Table 7 Comparison of different layers of score regressor
Fig. 5
figure 5

A comparison of different training strategy in scatter plot

Fig. 6
figure 6

Case study with qualitative results, which present the comparisons of TECN + OS, TECN + ES and ground-truth

Visualization and qualitative analysis

To further verify which training strategy can fit the data better, we conduct a regression analysis to construct a mathematical model that examines the relationship between the predicted score and ground-truth. The comparison results of TECN + OS and TECN + ES methods are illustrated by scatter plots in Fig. 5. The predicted scores are represented by scatter points in the plot and the ground-truth scores are plotted in trend dotted line. The horizontal axis denotes the ground-truth score and vertical axis is the predicted score. Unsurprisingly, the superiority of TECN+ES on MTL–AQA is quite impressive. We observe that the proposed TECN+ES model converges the ground-truth score trendline preferable. The fewer outliers and the denser distribution of intermediate points confirm the validity of execution score training strategy with Gaussian loss function.

Two qualitative examples of the TECN model on MTL–AQA dataset are shown in Fig. 6. The dotted arrow in the figure represents the label that comes with the sport video. The ground-truth and predicted results of “Sample 26-19” are labeled by red color, while the data of “Sample 03-08” is labeled by blue color. Then, we compare the performance of the difference training strategies. Obviously, the result using detailed score labels such as execution scores performs better. And more notably, it is noteworthy that our model can accurately predict both the high and low scores of athletes, which indicates that the proposed method can capture variety of spatio-temporal information representation of diverse performance levels.

Conclusion

In this paper, we propose a novel Gaussian guided frame sequence encoder network for action quality assessment, which regards the AQA task as regression problem. Specifically, the introduced TECN network includes the feature extraction module, temporal encoder, and score regression module. A video frame-level framework is applied to model full-video frame features rather than clip-level features. Furthermore, we employ Gaussian loss function to optimize the network that devotes to model the score label using a Gaussian distribution instead of mean square error. In addition, the training scenarios followed by the objective rules of diving sport are designed to improve the accuracy of the score prediction. The experimental results on AQA-7 and MTL–AQA datasets superior to the state-of-the-art methods and demonstrate the strong effectiveness of the proposed method.

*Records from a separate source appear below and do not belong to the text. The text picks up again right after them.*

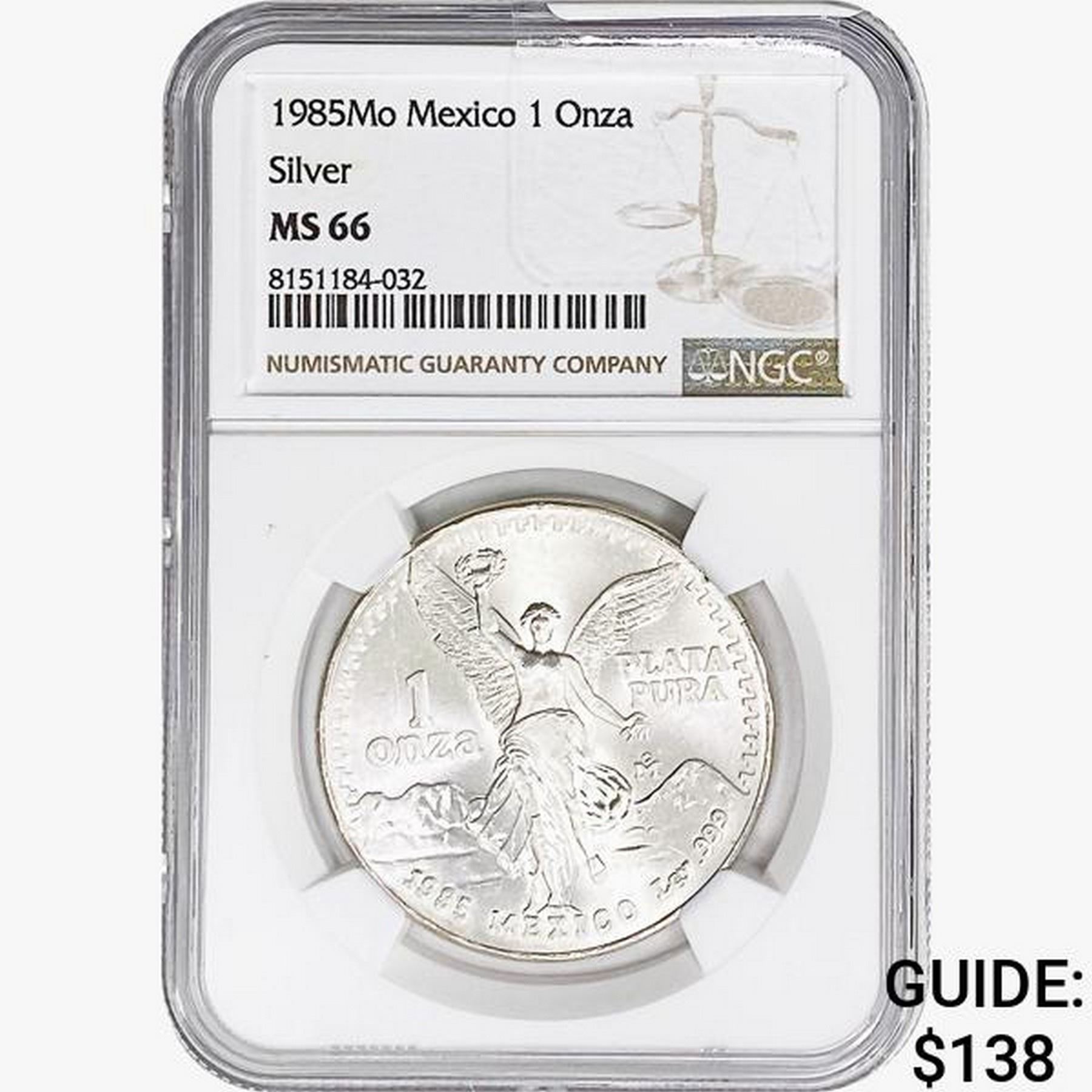 1985Mo 1oz. Silver Mexicanos Onza NGC MS66
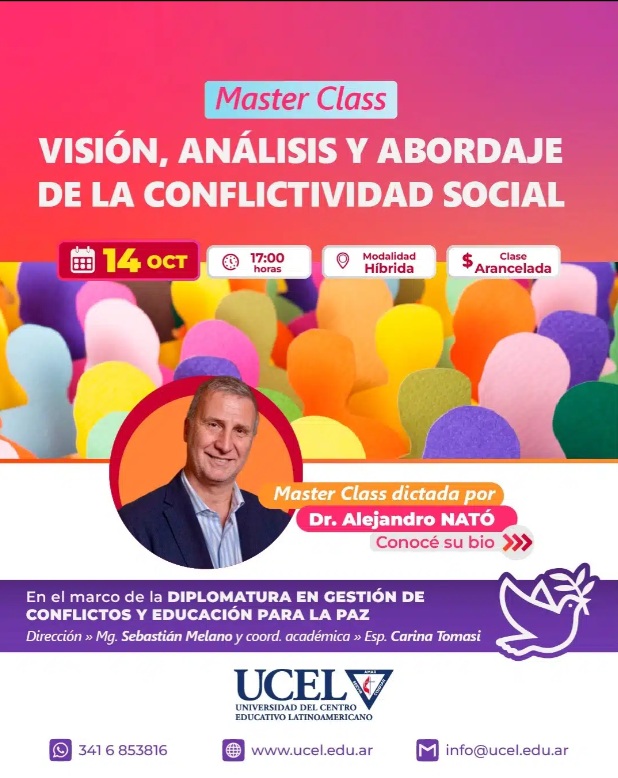 UCEL - Master Class: Visión, análisis y abordaje de la conflictividad social - 14/10/2025Martes 14 de Octubre de 2025 - Duración: De 17 a 19 horas - Carga horaria: 2...
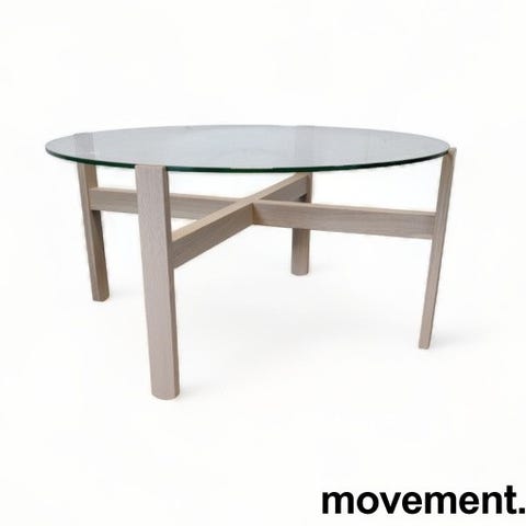 Loungebord / sofabord i hvitlakkert eikefiner, Ø=100cm, høyde 36cm, pent brukt
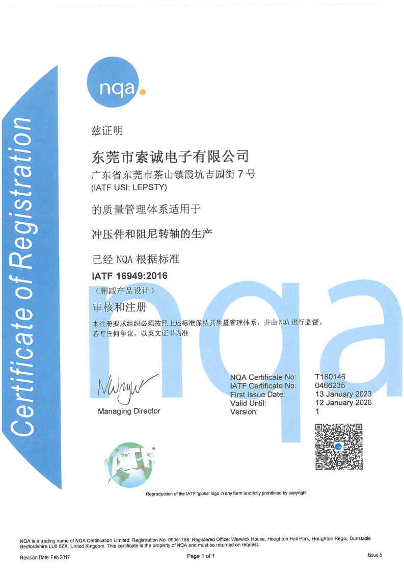 索誠電子不僅獲得了ISO9001質(zhì)量管理、ISO14001環(huán)境管理體系,還成功獲得了IATF16949汽車質(zhì)量體系!
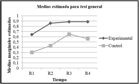 Lo anterior, se respalda con la prueba de efecto intersujetos en la que se obtuvo que para el test general la F univariada 809,689 es significativa (p=0,00 < 0,05); por tanto, se presenta un efecto de interacción entre el tiempo y el tipo de materiales empleados que explica parte de la varianza (figura 2).
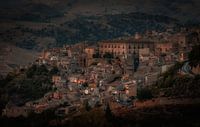 Oud Siciliaans stadje Leonforte in het hart van Sicilie bij schemering.
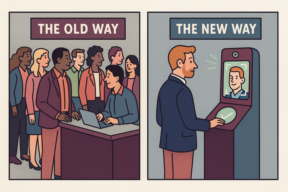 Facial recognition on its own isn’t anything new, but combining it with AI-generated speech or directions makes for a future-proofed, frictionless check-in.
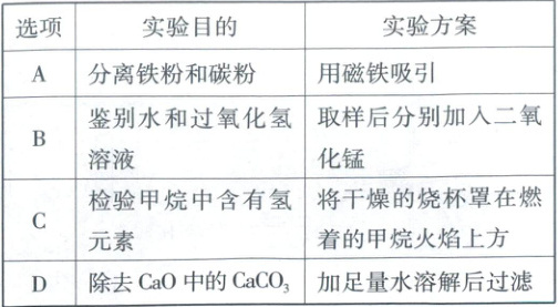 9. 下列实验方案不能达到实验目的的是(
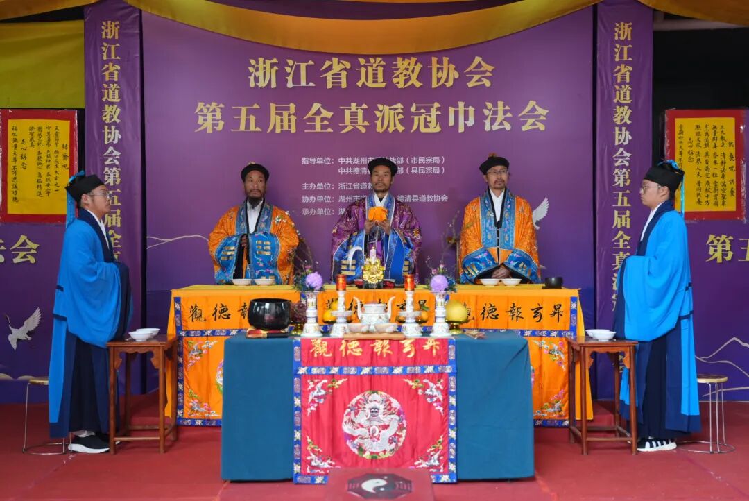 【浙江省道教第五届全真派冠巾活动在湖州成功举办】2025年12月1日至4日,浙江省道教协会第五届全真派冠巾活动在湖州升玄观成功举办。此次冠巾活动为期4天,来自全省各地共108名新晋冠巾弟子参加。 活动在庄严的国歌声中拉开序幕。为深入贯彻落实“学法规、守戒律、重修为、树形象”教育活动要求,按照
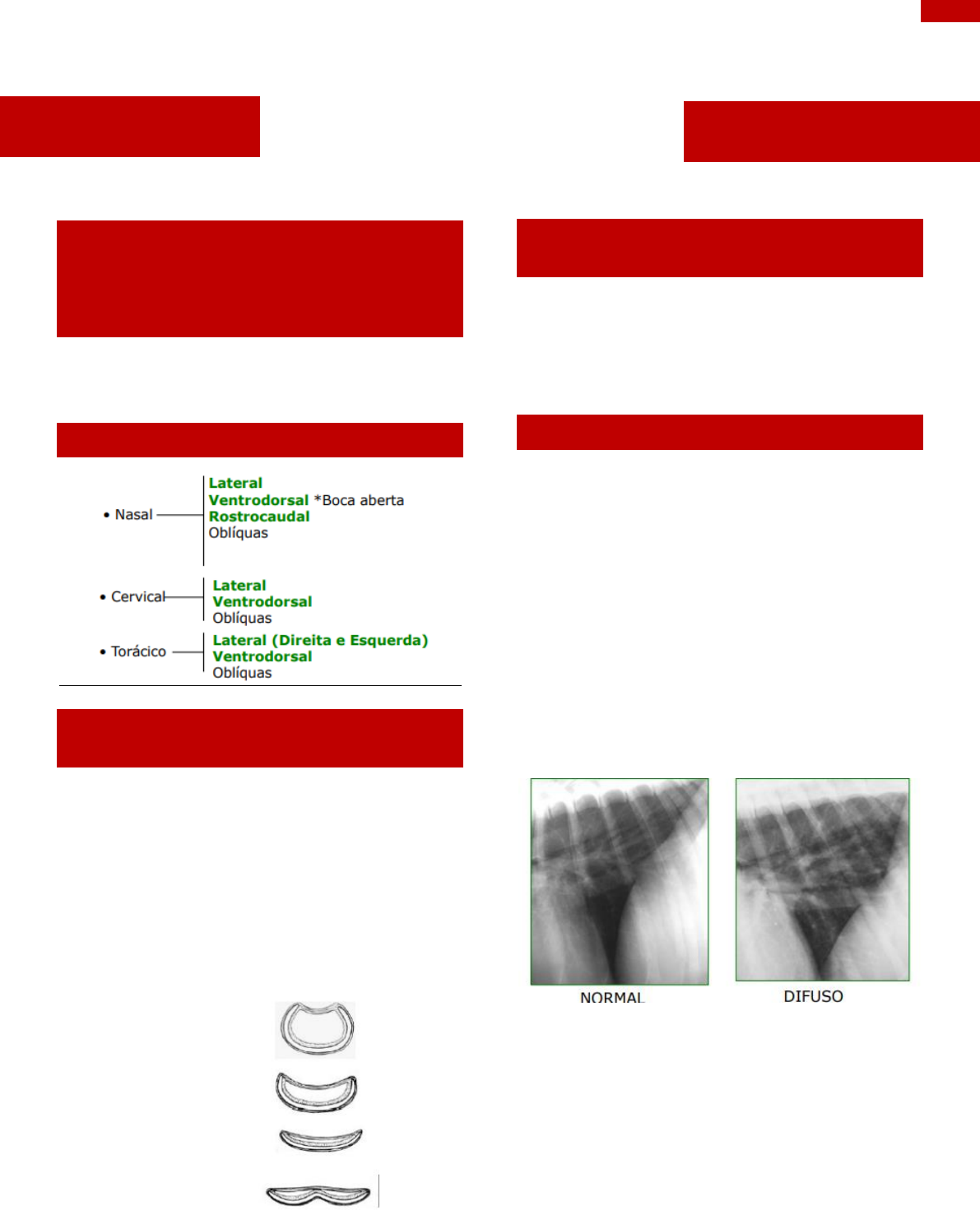 1 Diagnóstico por Imagem – Débora Medeiros Radiologia do trato respiratório Projeções radiológicas Segmentos Respiratórios Traqueia Corpo estranho Deslocamento Colapso Ruptura Cervical Colapso de traqueia Grau I.– 25% ↓diâmetro II.– 50% ↓ diâmetro III.– 75% ↓ diâmetro IV.– 100% ↓ diâmetro Pulmão Padrões radiológicos pulmonares Intersticial Linear Infiltração tecidual, celular ou fluídos no interstício pulmonar. Achados radiográficos ► Aumento da Radiopacidade ► Diminuição definição das margens vasculares pulmonares ► Marcações em linha não vasculares Nodular Multiplicação de células intersticiais Simples ou Múltiplos nódulos radiopacos ► Miliar 0,3 - 0,5 cm ► Nódulo 0,5 - 3 cm ► Massa > 3 cm Radiografia do Sistema Cardiorrespiratório 2 Diagnóstico por Imagem – Débora Medeiros Alveolar Causado pelo deslocamento do ar do interior do alvéolo. ► Acúmulo de fluidos ► Infiltração celular ► Atelectasia Sinais radiológicos: ► Opacidade em “penugem” ► Áreas de ↑ opacidade sem visualização de vasos ► Visualização de fissuras interlobares ► Broncograma aéreo Padrão Pulmonar Bronquial ► Espessamento (infiltração de fluidos ou células) ► Espaço peribrônquico com fluido ou células Sinais Radiológicos ► Opacidade tipo anel (“rosquinhas”) ► Opacidade em linhas paralelas (“linhas de trem”) Infiltrado Peribronquial Bronquiectasia Dilatação e saculação bronquial Decorrência de: Bronquite crônica Broncopneumonia de decúbito 3 Diagnóstico por Imagem – Débora Medeiros Padrão Pulmonar Vascular Hipervascularização (insuficiência cardíaca, obstrução atrial, doença tromboembólica, doença pulmonar, desvio direita-esquerda...) Hipovascularização (hipovolemia, choque, desidratação, estenose pulmonar, desvio direita-esquerda...) Padrões Pulmonares Pneumotórax Presença de ar livre no interior da cavidade pleural Sinais radiológicos ► Deslocamento do coração no sentido dorsal ► Maior radiolucência em periferia Mediastino Espaço entre os dois sacos separando fisicamente os dois hemitórax. Tumores Pneumomediastino Visualização de estruturas que são normalmente ocultas: ► Borda serosa da traqueia ► Tronco braquiocefálico ► Veia cava cranial ► Subclávia esquerda ► Borda exterior do esôfago 4 Diagnóstico por Imagem – Débora Medeiros ► Pneumomediastino ► Normal Diafragma Momento inspiratório favorece o contraste nas projeções lateral e VD/DV. Hérnia Diafragmática Peritônio Pericárdica (congênita) Hérnia Diafragmática Traumática (adquirida) Radiologia do Coração Método Buchanan & Bücheler VHS = Vertebral Heart System ► Felinos: 6,8 - 8,1 corpos vertebrais ► Caninos: 8,5 - 10,6 corpos vertebrais Exceções Variações raciais 5 Diagnóstico por Imagem – Débora Medeiros Aumento cardíaco ► DIREITO ► ESQUERDO ► GENERALIZADO Aumento câmaras direitas Lateral ► Maior volume da silhueta cardíaca em região cranial; ► Perda da convexidade do bordo cranial cardíaco; ► Maior área de contato do coração com o esterno. *Variação de contato do coração com o esterno =raças caninas; ► Menor ângulo formado entre a cava cranial e o bordo cranial cardíaco ► Elevação da traqueia na porção cranial da traqueia (anterior à carina) (ocasionalmente). Dorsoventral/ Ventrodorsal ► Maior volume da silhueta cardíaca, ocupando + de 2/3 da cavidade torácica; ► Arredondamento do bordo cardíaco direito = coração em D invertido; ► Ápice cardíaco poderá estar + à esquerda que o normal. D Invertido Aumento das câmaras esquerdas Lateral ► Elevação dorsal da porção caudal da traqueia; ► Bordo cardíaco caudal se apresenta mais reto e mais vertical do que o normal; ► Elevação da cava posterior; ► Protuberância em região dorsocaudal ► Protuberância em região caudoventral. 6 Diagnóstico por Imagem – Débora Medeiros Dorsoventral / Ventrodorsal ► Maior silhueta cardíaca em região esquerda; ► Arredondamento do bordo cardíaco esquerdo; ► Proeminência do átrio esquerdo/aurícula esquerda (posição 2-3h na analogia do relógio) ► Ápice cardíaco poderá estar deslocado para a direita. Cardiomegalia Generalizada 7 Diagnóstico por Imagem – Débora Medeiros RADIOGRAFIA DO SISTEMA DIGESTÓRIO Preparo do paciente ► Jejum sólido de 12-24 h ► Enema 1 – 2 h antes do exame (expulsão de gases e líquidos do cólon) ► Realizar o RX SIMPLES (obrigatório) mediatamente antes do contrastado ► Não realizar o exame sem preparo ► Não permitir a ingestão de água 2 h antes do exame contrastado (diluição do bário) ► Meios de contraste AR Bário Prejudicial a cavidade abdominal = NÃO USAR EM RUPTURAS / LACERAÇÕES Iodo Orgânico Iônico ► Hidrossolúvel = Inócuo à cavidade peritoneal ► Trânsito rápido ► Hipertonicidade = passagem de líquido dostecidos ao TGI = CUIDAR DESIDRATAÇÃO! ► Pode ocorrer diarreia e vômito Edema pulmonar se for aspirado Iodo Orgânico não Iônico ► Não é hipertônico ► Não reveste muito bem a mucosa 8 Diagnóstico por Imagem – Débora Medeiros Tempos radiográficos Esôfago Interpretação Radiográfica Avaliar: ► TRAJETO ► MUCOSA ► FALHAS DE PREENCHIMENTO ► LÚMEN Aumento de volume esofágico POSSÍVEL VISUALIZAÇÃO EMEXAMES RADIOLÓGICOS SIMPLES Localizado Divertículo Esofágico ► Lesões Camada Muscular ► Lesões SNP ► Generalizado Megaesôfago ► Lesões SNC ► Hipoadrenocorticismo ► Miastenia Grave ► Polimiosite ► Tétano... Anomalia Vascular Anelar Persistência Do Arco Aórtico Direito ► Anomalia Vascular Congênita ► Constrição pelo Ligamento Arterioso ► Base do Coração ► Regurgitação Persistente ► Pneumonia Persistente Corpo Estranho Esofágico 9 Diagnóstico por Imagem – Débora Medeiros Ruptura de esôfago Cavidade abdominal Estômago Tamanho: três espaços intercostais Dis

Although the proposed work has achieved valuable results, the research of AQA still needs to further discuss. Since the proposed method only explore the contribution of a single branch in time series, there are limitations to some extent; therefore, we hypothesize that the AQA task can be improved from the following two aspects in the future:

  • Multi-branch model for the score labels of several referees should be considered to construct a more objective and reasonable scoring mechanism.

  • It needs to further explore an AQA model that is more suitable for small-scale datasets in practical application.